Looking to the code we are trying now to initialize the start values as:

distribution.start_values = [np.mean(target_train), np.mean(target_train)]

But we are wondering if this is the right way.

@edgBR The following fixes the problem

import numpy as np
import pandas as pd
import pkg_resources
import itertools
import shap 
import math
import multiprocessing
from scipy.stats import norm
import matplotlib.pyplot as plt
import joblib
import plotnine
from plotnine import *
plotnine.options.figure_size = (20, 10)

from xgboostlss.model import *
from xgboostlss.distributions.Expectile import Expectile
from xgboostlss.datasets.data_loader import load_simulated_data

# The data is a simulated Gaussian as follows, where x is the only true feature and all others are noise variables
    # loc = 10
    # scale = 1 + 4*((0.3 < x) & (x < 0.5)) + 2*(x > 0.7)

train, test = load_simulated_data()
n_cpu = multiprocessing.cpu_count()

X_train, y_train = train.iloc[:,1:],train.iloc[:,0]
X_test, y_test = test.iloc[:,1:],test.iloc[:,0]

dtrain = xgb.DMatrix(X_train, label=y_train, nthread=n_cpu)
dtest = xgb.DMatrix(X_test, nthread=n_cpu)

distribution = Expectile  
distribution.expectiles = [0.05, 0.95]     # Expectiles to be estimated: needs to be a list of at least two expectiles.
distribution.stabilize = "MAD"   
distribution.start_values = distribution.initialize(dtrain.get_label())

xgboostlss_model= joblib.load('my_model.joblib')

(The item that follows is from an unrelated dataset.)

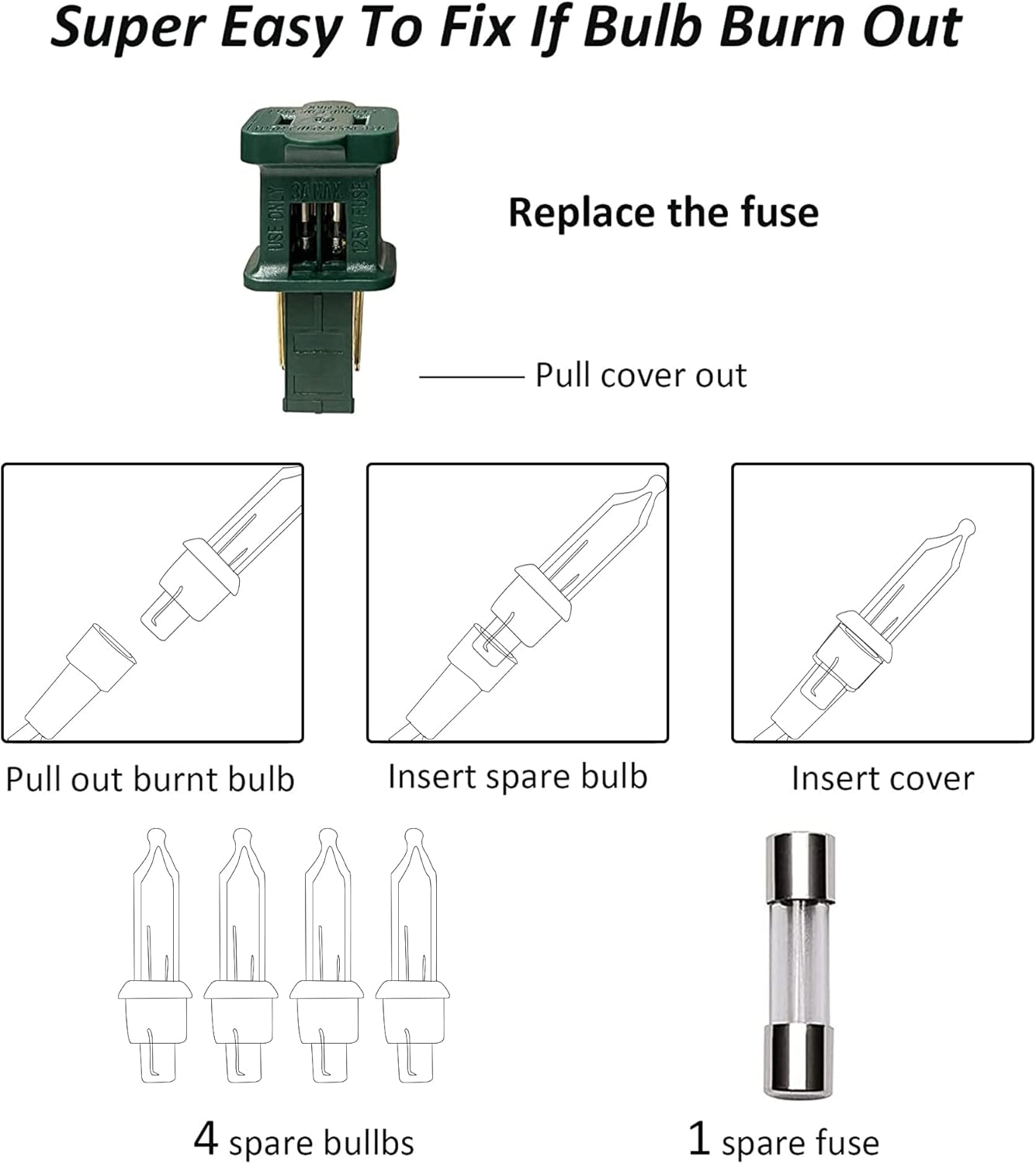 - Lights Size: The Christmas mini string lights includes 100 count incandescent light bulbs, the total length is 20 ft, the length of string light is 18.5 ft, lead wire is 1.5 ft, spacing between each light is 2.25 inches. The string light built-in 3A fuse and it is 120V high voltage with UL Certificated for safety, ensure the safety of you and your family. Package Includes: 1 x 20 ft light string, 1 x spare fuse, 4 x additional incandescent bulbs.

predictions = xgboostlss.predict(xgboostlss_model, 
                                 dtest, 
                                 dist=distribution,
                                 pred_type="expectiles")
predictions.head()

The only thing I changed, compared to your suggestion, is distribution.start_values = distribution.initialize(dtrain.get_label()) . The issue stems from this, i.e., starting values are initialized during model training only, and hence not available after you re-load the model. Hence, since you load the trained model, this causes the problem, since dist.start_values are not initialized since model training is already done in the prior step.

Hope this solves the problem to some extent. If you have soms suggestion on how to better pass the starting values to the model let me know.

edgBR commented

Hi,

This works but this is very hacky imho. My suggestion would be to not return a booster object in xgboostlss.train. Instead we can return a custom class where inside the self we have the booster and also the distribution object.

What do you think?

@edgBR Having a dedicated XGBoostLSS class is also my preferred option. Yet, I haven't had time to do that...

Closing the issue for now, using the interim solution.